This dissertation develops a historical and theoretical reconstruction of the category and praxis of extraterritoriality in the fields of International Relations and Public International Law. The analysis first addresses the dominant Neo-Liberal tradition and its focus on the concept of 'judicial globalisation', before engaging with critical and Marxist studies that rely on imperialism and capitalism as explanatory phenomena. In response, the thesis argues that extraterritoriality is a political process, covering a set of jurisdictional struggles determined by contested social property relations. As legal strategies of accumulation, these struggles can neither be explained by a chronologically and discursively progressive deterritorialising world order, through which they emerge as depoliticised events, nor by structural and functional theories of capitalist or Western imperialism that narrowly assume their logic and behaviour. This argument emerges from the analysis of three historical case studies: 16th to 17th century Spain, 17th to 18th century France, and 19th century Britain.

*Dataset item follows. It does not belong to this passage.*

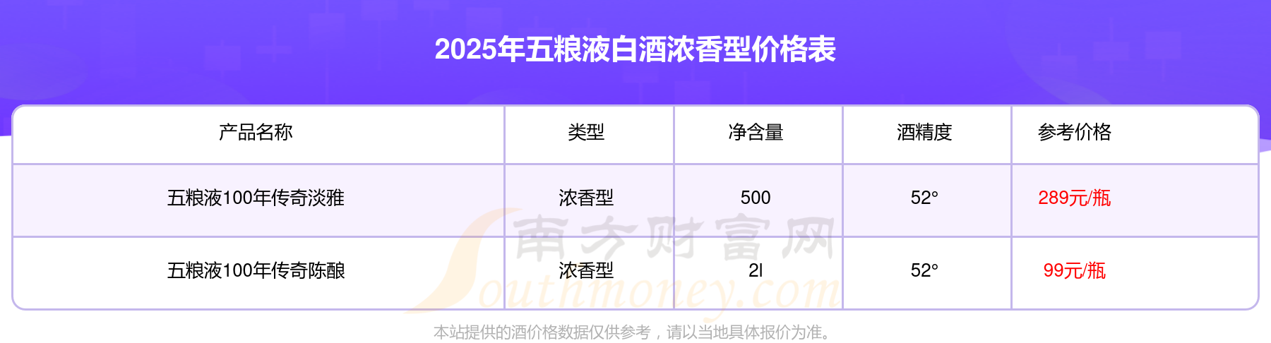 2025五糧液白酒濃香型酒最新價格:五糧液100年傳奇淡雅參考價289元/瓶、五糧液100年傳奇陳釀參考價99元/瓶。

Each case, set in its international context, evinces the role of specific intellectual debates, juridical institutions and legal strategies of accumulation in shaping contending extraterritorial regimes and legal world orders. Thereby, the thesis reformulates a Political Marxist approach as a historical sociology that places the actors and politics of international legal processes at the forefront of the history of Public International Law. This approach enables a non-determinist understanding of contemporary extraterritoriality. It dissociates its analysis from a naturalised history of judicial globalisation and from a monolithic history of capitalism, to resituate extraterritorial practices in a more open and contested field in between those of International Relations and Public International Law. In conclusion, examining the politics of extraterritoriality exposes Public International Law as a practical site of struggle between legal strategies of expansion, accumulation and resistance. This historical and theoretical reconstruction asserts the political legitimacy and agency of otherwise excluded legal actors and ideas, affected by and involved in the multiple transitions in the forms of sovereign jurisdiction and territorial control.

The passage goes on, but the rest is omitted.